The Children’s Cancer Therapy Development Institute (cc-TDI) is collaborating with Champions Oncology (NASDAQ: CSBR) and The Jackson Laboratory (JAX) to provide end-to-end bioinformatics, lab-based and xenograft solutions for pediatric preclinical study packages.
The Jackson Laboratory, cc-TDI and Champions Oncology, share the same goal as every parent, scientist, and clinical investigator: to get the right drug to treat the specific type of pediatric cancer, ultimately improving outcomes.
As a result of the RACE for Children Act (Research to Accelerate Cures and Equity for Children Act) any targeted cancer drug in development will now be developed for both adults and children. The goal of this legislative requirement is to balance the scales as adult cancer averages twelve or more drugs earning FDA approval each year, yet pediatric cancer has only received eight FDA approvals since 1978.
By working with The Jackson Laboratory and Champions Oncology, cc-TDI is able to bring their domain expertise to offer turnkey preclinical studies that are required of Phase 2 adult oncology drugs that will move to phase 3 clinical trials. Despite RACE Act legislation, many pharmaceutical companies will not have resources to attribute to pediatric cancer-specific basic science and translational (preclinical/animal model) R&D. The turnkey services offered by this consortium will create a virtual pediatric cancer research and development group for any pharmaceutical company seeking compliance and/or opportunities for childhood cancer drug development. These pediatric preclinical study plan packages span bioinformatics from in vitro to in vivo studies.

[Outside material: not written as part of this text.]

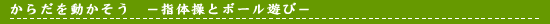指を動かすことは頭の体操にもなるそうです。だけど指の体操ってなかなか難しいんです。 ボール遊びはみんなが大好きな遊びのひとつです。円くなって座って、ボールを投げ合います。

“Knowing that the industry-wide need for pediatric study plans will be high, Champions Oncology, The Jackson Laboratory and cc-TDI are committed to helping pharmaceutical companies select the drugs with greatest promise for further pediatric study, or to rule out drugs without appreciable pediatric indications (thereby increasing the availability of new agents to children with cancer via clinical trials),” said Charles Keller, M.D., scientific director of cc-TDI.
Ronnie Morris, M.D., CEO of Champions Oncology remarked, “We appreciate that the decision to take an oncology drug from phase II to phase III trials is often done leaving as little as six months to determine what pediatric cancer might apply (with respect to RACE Act guidelines). By utilizing our unique tumor bank with many pediatric cancer models, we can facilitate preclinical studies in an accelerated and time-efficient manner.”
“JAX is a pioneer in genetics and mouse model development. We maintain the world’s largest and diverse collection of mouse models that better represent the genetic and biological complexity of human disease,” said James Keck, Ph.D., senior director of Innovation and Product Development, The Jackson Laboratory. “Our mission is to support the scientific community by providing these tools and leverage our 90 years of expertise to design and perform preclinical studies. We are thrilled to work with The Children’s Cancer Therapy Development Institute as we have a longstanding commitment to pediatric cancer research, and the pediatric, adolescent, and young adult mouse models that we have developed are well-suited to the preclinical studies now required by the RACE for Children Act.”
Champions Oncology (www.ChampionsOncology.com) (NASDAQ: CSBR) is a leading global oncology pharmacology services provider. US-based, we utilize our experience in clinically relevant models of cancer and assist biopharmaceutical companies of all sizes across all stages of drug development. Our mission is to provide translational solutions that enable the assessment of drug effectiveness and identification of relevant patient populations to target in human clinical trials. With an extensive and well-characterized Patient Derived Xenograft bank across a wide range of indications, Champions is well positioned to run proof-of-concept, indication expansion and clinical trial simulation studies. Models are available with patient clinical data, including patient treatment and response information, in addition to Whole Exome and RNA Sequencing data. Standard of care responses have also been generated in vivo for a large number of models. These models include more than 150 pediatric, adolescent and young adult patient-derived xenografts models representing leukemias (ALL, AML), brain tumors (malignant glioma, ETANTR/EMTR), hepatoblastoma, teratoma/malignant germ cell tumor and sarcoma (osteosarcoma, rhabdomyosarcoma, synovial sarcoma, spindle cell sarcoma, Ewing sarcoma, DSRCT, UPS, fibrosarcoma, MPNST, chordoma, myoepithelioma, liposarcoma and salivary carcinoma.